Saugroboter - Saugst du noch oder hast du schon Feierabend?

Wie toll wäre es, wenn du nach der Arbeit nach Hause kommst und nicht erst noch fegen und saugen musst, bevor du wohlverdient die Füße hochlegen kannst? Oder kündigt sich spontan Besuch an, aber es ist keine Zeit mehr um die Haushaltsaufgaben rechtzeitig zu erledigen? Mit einem Staubsauger Roboter ist das kein utopisches Szenario mehr. Einfach per App dem praktischen Helfer das Signal zum Saugen geben und auf eine saubere Wohnung freuen.

Aber welcher Staubsauger Roboter ist eigentlich gut, welcher passt zu dir und worauf musst du achten? Wir klären diese Fragen und geben dir allerhand Tipps mit an die Hand, um genau den richtigen Saugroboter zu kaufen.

Die besten Saugroboter im Vergleich

Saugen, Fegen, Wischen - Was der Staubsauger Roboter alles kann

Staubsaugerroboter fährt unter ein SofaEin Saugroboter kann dir bei manchen Aufgaben im Haushalt behilflich sein. Ganz autonom bewegt sich das Gerät über den Boden und saugt alles auf, was ihm im Weg liegt. So musst du nicht mehr jeden Tag selbst den Staubsauger in die Hand nehmen.

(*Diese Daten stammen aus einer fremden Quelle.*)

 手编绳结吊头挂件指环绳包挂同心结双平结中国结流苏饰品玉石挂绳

Wer möchte, kann auch einen Roboter mit Wischfunktion einsetzen, wie den Ecovacs Deebot Slim und sich zudem noch den Bodenwischer sparen.

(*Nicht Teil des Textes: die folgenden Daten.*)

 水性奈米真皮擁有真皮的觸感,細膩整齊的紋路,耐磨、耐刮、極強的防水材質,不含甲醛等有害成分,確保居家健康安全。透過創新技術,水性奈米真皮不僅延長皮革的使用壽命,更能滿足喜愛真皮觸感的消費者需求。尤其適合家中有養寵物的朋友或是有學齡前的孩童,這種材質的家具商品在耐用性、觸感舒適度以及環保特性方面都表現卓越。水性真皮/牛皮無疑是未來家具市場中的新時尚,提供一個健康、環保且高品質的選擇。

Da ein Kabel für den Roboter nur hinderlich wäre, gesellt sich er sich zu den Akkustaubsaugern. Aufgeladen wird der Akku in einer speziell passenden Ladestation, in die der Saugroboter nach getaner Arbeit selbständig fährt. In der Regel halten die kleinen Roboter 80-120 Minuten durch, bevor sie wieder “schlafen” müssen.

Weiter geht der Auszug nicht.